Information provided Start Marker
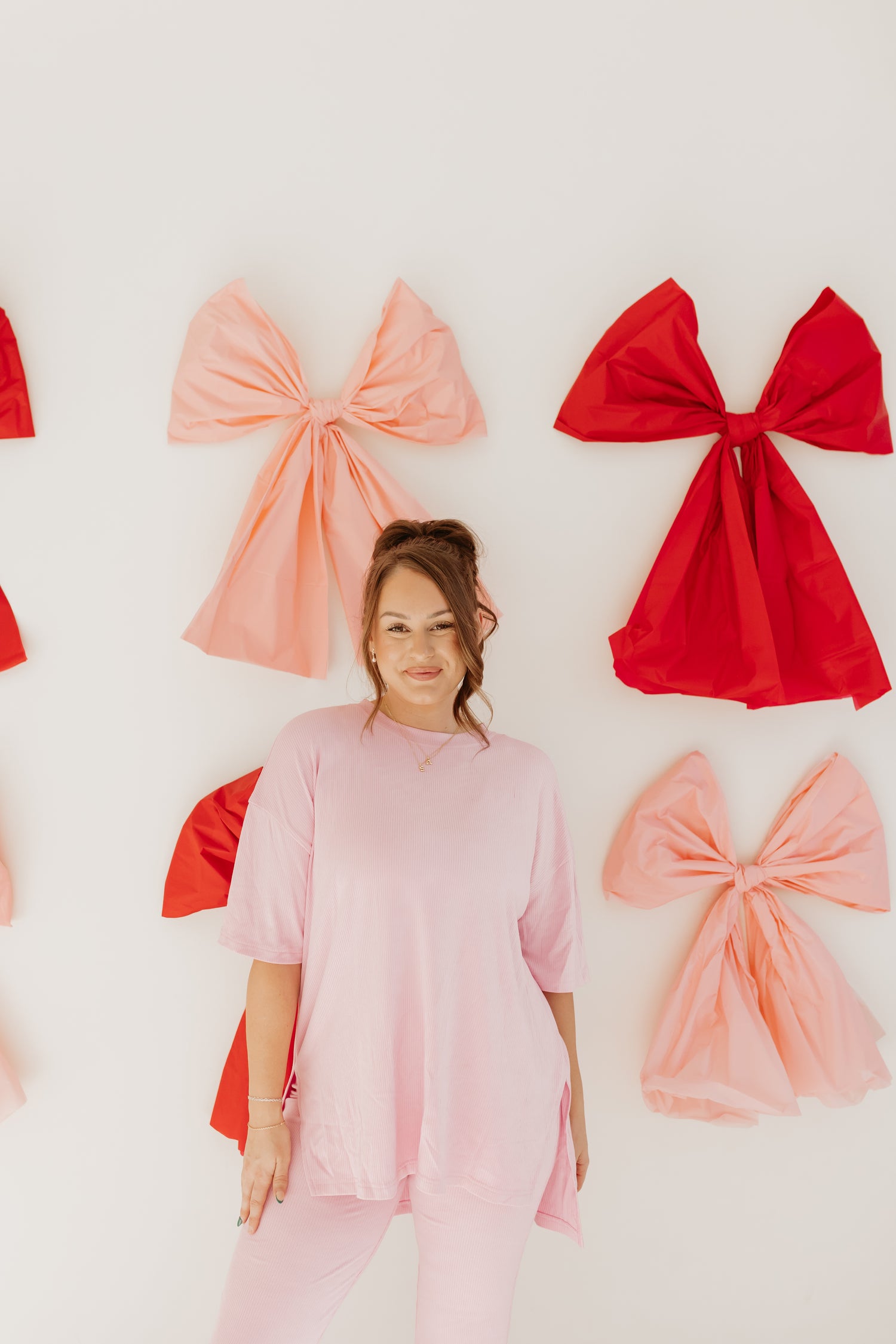 Amazing stretchy RIBBED fabric. You will want to live in this set. It is so freaking comfortable! Catlyn and Cori wear the size medium. Emily wears the Large, Maryssa Wears the small! We recommend your true size OR sizing down if you prefer a less oversized fit! These sets are heavy weight stretchy ribbed fabric!
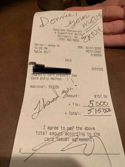 Và dĩ nhiên, trong tâm trí của mình cô nghĩ mình nhận được 50 USD tiền boa – một số tiền không nhỏ so với giá trị bữa ăn.
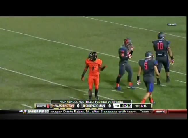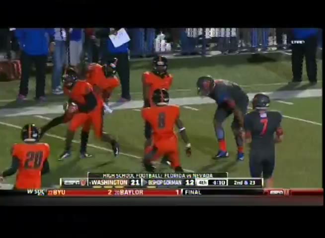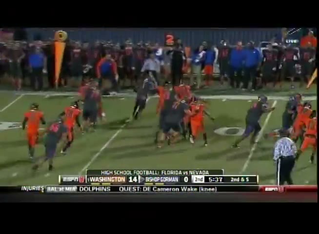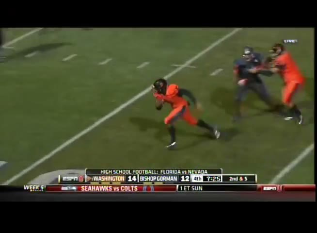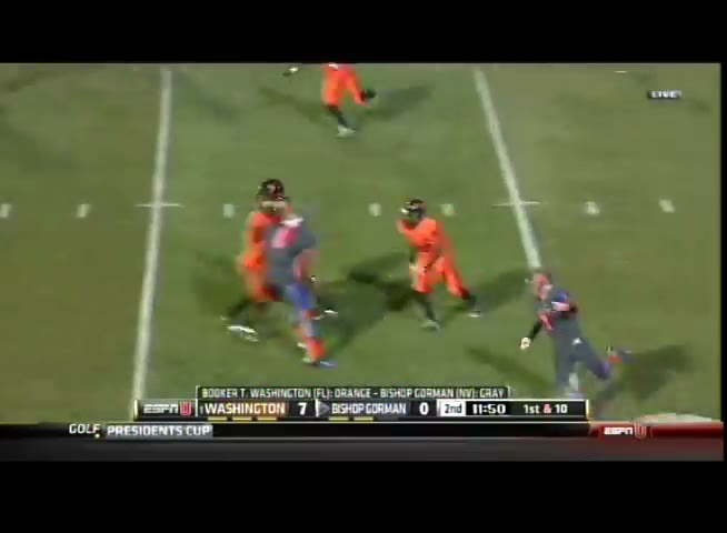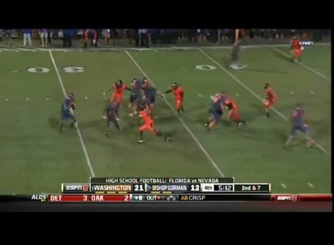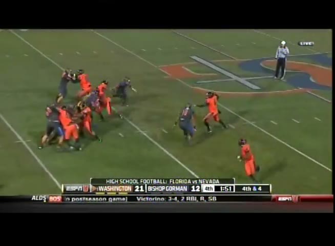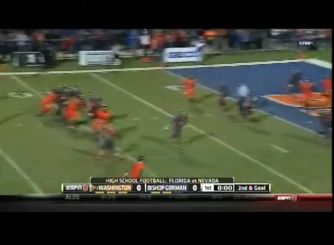 Hey Stewart, let's take a look at this Bishop Gorman vs. Booker T. Washington game from 2008. I want you to pay close attention to the way we handled their offense. Specifically, notice how our defensive line controlled the line of scrimmage and kept their running game in check.
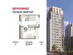 Квартира с кухней-гостиной и одной спальней в "Первом квартале". Особенности планировки: вид во двор, предчистовая отделка, терраса.
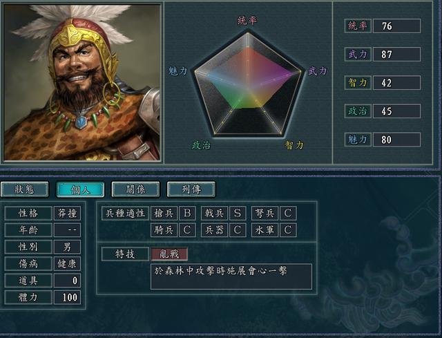 ͬÑù¾ßÓÐÕâ¸öÌØ¼¼µÄÎ佫»¹ÓÐÃÏ»ñºÍÀä°ú£¬µ«Ö»ÓÐÁõ±ÙÓµÓÐÁËÉÉñÕâÑùµÄ³ÆºÅ¡£ÕâÊÇÒòΪÁõ±ÙËäÈ»¸÷·½ÃæÊýÖµÉÏ´ó¶à¶¼²»ÈçÆäËû¶þÈË¡£µ«Áõ±ÙµÄǹ±øÊÇÊÊÐÔÊÇA£¬ËùÒÔÃÏ»ñºÍÀä°úÔòÊÇBºÍCµÄÊÂÇé¡£
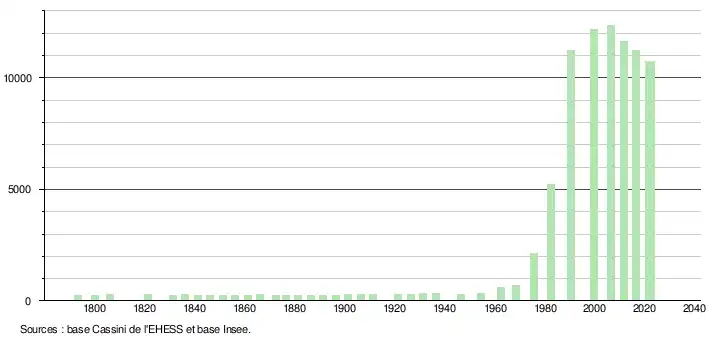 - ↑ Par convention dans Wikipédia, le principe a été retenu de n’afficher dans le tableau des recensements et le graphique, pour les populations de référence postérieures à 1999, que les populations correspondant à une enquête exhaustive de recensement pour les communes de moins de 10 000 habitants, et que les populations des années 2006, 2011, 2016, etc. pour les communes de plus de 10 000 habitants, ainsi que la dernière population de référence publiée par l’Insee pour l'ensemble des communes.
Information provided End Marker
**Exercise prompt**
Since the pictures are not part of the copy, transcribe only the remaining material, exactly.

**Result**
 Amazing stretchy RIBBED fabric. You will want to live in this set. It is so freaking comfortable! Catlyn and Cori wear the size medium. Emily wears the Large, Maryssa Wears the small! We recommend your true size OR sizing down if you prefer a less oversized fit! These sets are heavy weight stretchy ribbed fabric!
 Và dĩ nhiên, trong tâm trí của mình cô nghĩ mình nhận được 50 USD tiền boa – một số tiền không nhỏ so với giá trị bữa ăn.
 Hey Stewart, let's take a look at this Bishop Gorman vs. Booker T. Washington game from 2008. I want you to pay close attention to the way we handled their offense. Specifically, notice how our defensive line controlled the line of scrimmage and kept their running game in check.
 Квартира с кухней-гостиной и одной спальней в "Первом квартале". Особенности планировки: вид во двор, предчистовая отделка, терраса.
 ͬÑù¾ßÓÐÕâ¸öÌØ¼¼µÄÎ佫»¹ÓÐÃÏ»ñºÍÀä°ú£¬µ«Ö»ÓÐÁõ±ÙÓµÓÐÁËÉÉñÕâÑùµÄ³ÆºÅ¡£ÕâÊÇÒòΪÁõ±ÙËäÈ»¸÷·½ÃæÊýÖµÉÏ´ó¶à¶¼²»ÈçÆäËû¶þÈË¡£µ«Áõ±ÙµÄǹ±øÊÇÊÊÐÔÊÇA£¬ËùÒÔÃÏ»ñºÍÀä°úÔòÊÇBºÍCµÄÊÂÇé¡£
 - ↑ Par convention dans Wikipédia, le principe a été retenu de n’afficher dans le tableau des recensements et le graphique, pour les populations de référence postérieures à 1999, que les populations correspondant à une enquête exhaustive de recensement pour les communes de moins de 10 000 habitants, et que les populations des années 2006, 2011, 2016, etc. pour les communes de plus de 10 000 habitants, ainsi que la dernière population de référence publiée par l’Insee pour l'ensemble des communes.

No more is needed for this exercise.